O verbo "Poder" conjugado como "possa" geralmente é usado como uma possibilidade de fazer alguma coisa no futuro. Exemplo: "Talvez eu *possa* estudar mais para a próxima prova" ou "Talvez ele *possa* vir mais tarde". Um exemplo numa negação seria: "Não há nada que ele *possa* fazer para se desculpar".
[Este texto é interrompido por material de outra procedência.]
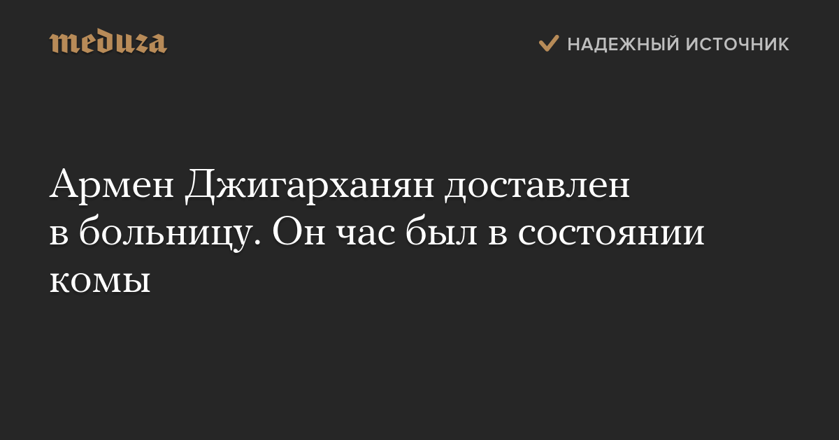 В свою очередь друг актера Артур Согомонян сообщил РИА Новости, что Джигарханян «чувствует себя не очень хорошо, но ничего критического». Актер, по его словам, проходит в больнице «обследования и профилактику».
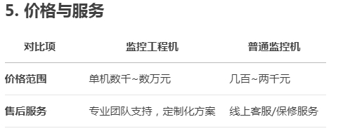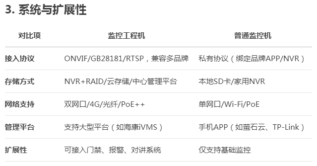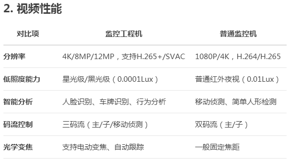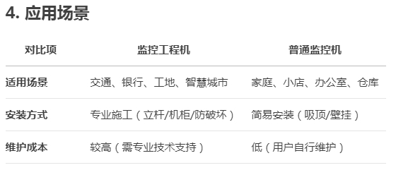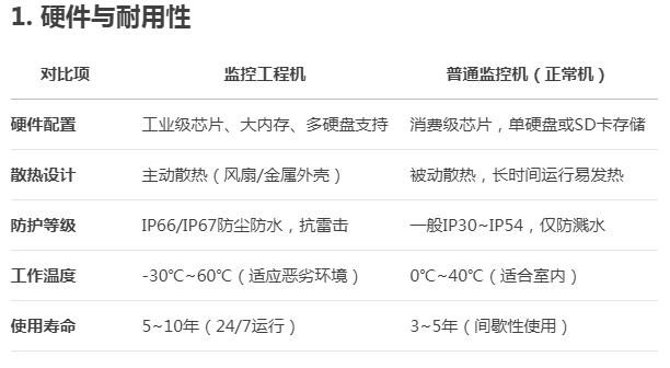 监控系统中的工程机和正常机(普通监控设备)在功能、性能、适用场景等方面有显著区别,主要体现在以下几个方面:
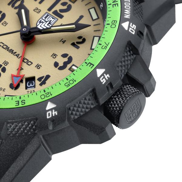 The Commando Series from Luminox is designed to pay homage to military units all over the world. Developed with military and law enforcement experts, the Commando Series meets the needs of active professional military and police personnel, as well as adventure lovers who want a reliable, versatile, and precise analog watch. Featuring a beige dial, black numerals and hands, and a standout red GMT function, this watch is the perfect companion for any activity.
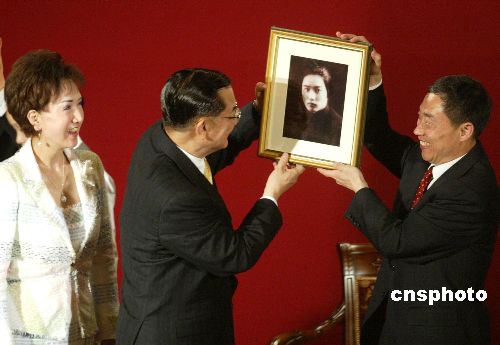 四月二十九日,中國國民黨主席連戰(zhàn)在北京大學(xué)發(fā)表演講,并獲贈具有特殊意義的北京大學(xué)紀(jì)念品。作者:廖文靜
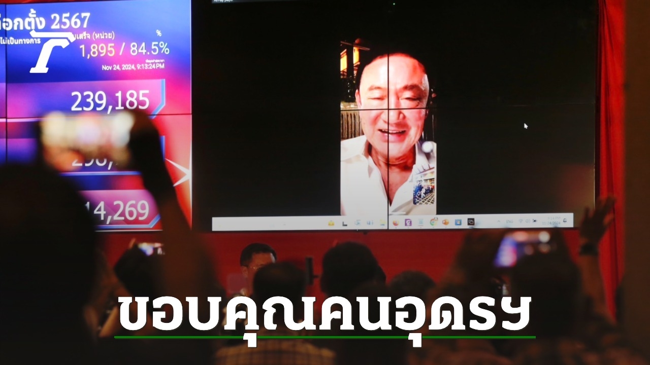 วันที่ 24 พ.ย. 2567 เมื่อเวลา 21.12 น. ที่ศูนย์การเลือกตั้ง พรรคเพื่อไทย จ.อุดรธานี นายทักษิณ ชินวัตร อดีตนายกรัฐมนตรี ในฐานะผู้ช่วยหาเสียง ได้วิดีโอคอลเข้ามาแสดงความยินดีกับนายศราวุธ เพชรพนมพร ผู้สมัครลงรับเลือกตั้งนายกองค์การบริหารส่วนจังหวัดอุดรธานี หมายเลข 2 พรรคเพื่อไทย หลังทราบผลอย่างไม่เป็นทางการว่าชนะเลือกตั้งแล้ว
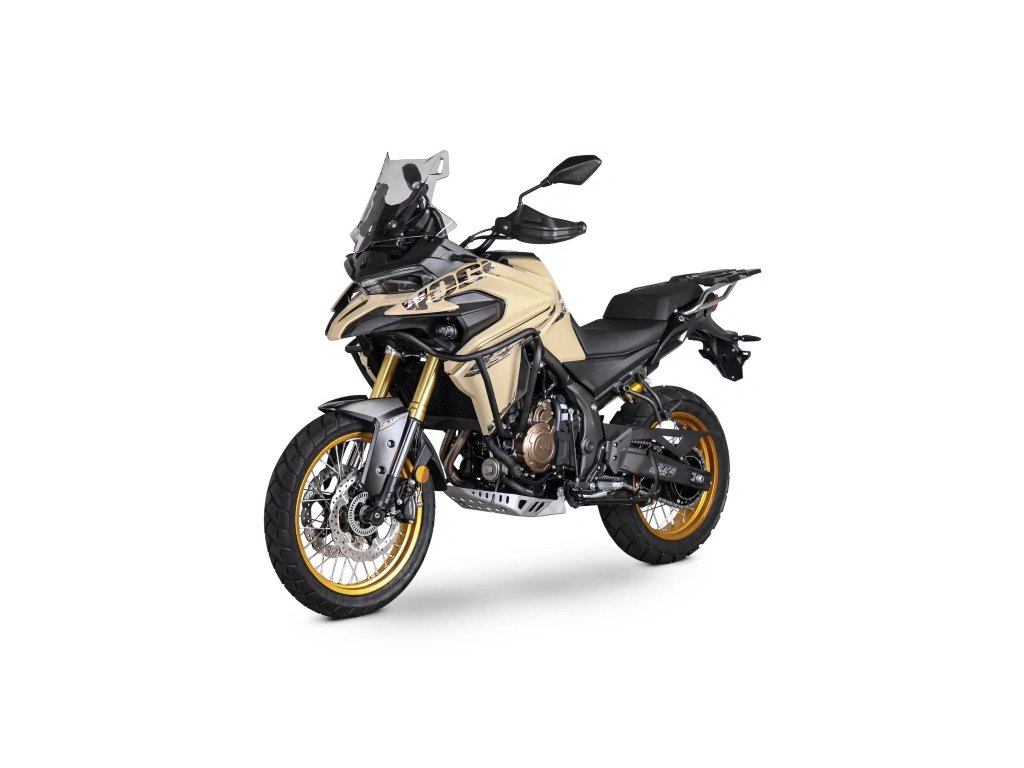 Ve standardní výbavě nechybí LED osvětlení včetně přídavných bodových světel, boční i středový stojan, USB konektor, 12V zásuvka a nastavitelné plexi, které lze pohodlně upravit přímo z místa řidiče. Motor je navíc chráněn hliníkovým krytem, který zvyšuje odolnost v náročném terénu.

Outras formas de uso existem, mas sempre como possibilidade: "Prefeitura de SP quer que vaga na rua *possa* ser reservada de casa" >> Tirei essa frase do título de uma reportagem, nesse caso a prefeitura de SP quer que exista a possibilidade de que vagas para carro nas ruas possam ser reservadas pelas pessoas que a usarão enquanto elas estão em casa. É uma possibilidade que eles querem que aconteça.


----------



## Sutemi

masterrsloth said:


> Gramaticalmente o que está errado é só a sua conjugação do verbo poder para essas frases. O certo seria:
> 
> 1. "Não pode"
> 2. "Não pode fazer isso"
> 3. Essa está certa
> 
> Outra opção seria só dizer "Não", mas nesse caso (mais do que nos outros) teria de explicar o porque do não para não ser considerado rude.
> 
> O verbo "Poder" conjugado como "possa" geralmente é usado como uma possibilidade de fazer alguma coisa no futuro. Exemplo: "Talvez eu *possa* estudar mais para a próxima prova" ou "Talvez ele *possa* vir mais tarde". Um exemplo numa negação seria: "Não há nada que ele *possa* fazer para se desculpar".
> 
> Outras formas de uso existem, mas sempre como possibilidade: "Prefeitura de SP quer que vaga na rua *possa* ser reservada de casa" >> Tirei essa frase do título de uma reportagem, nesse caso a prefeitura de SP quer que exista a possibilidade de que vagas para carro nas ruas possam ser reservadas pelas pessoas que a usarão enquanto elas estão em casa. É uma possibilidade que eles querem que aconteça.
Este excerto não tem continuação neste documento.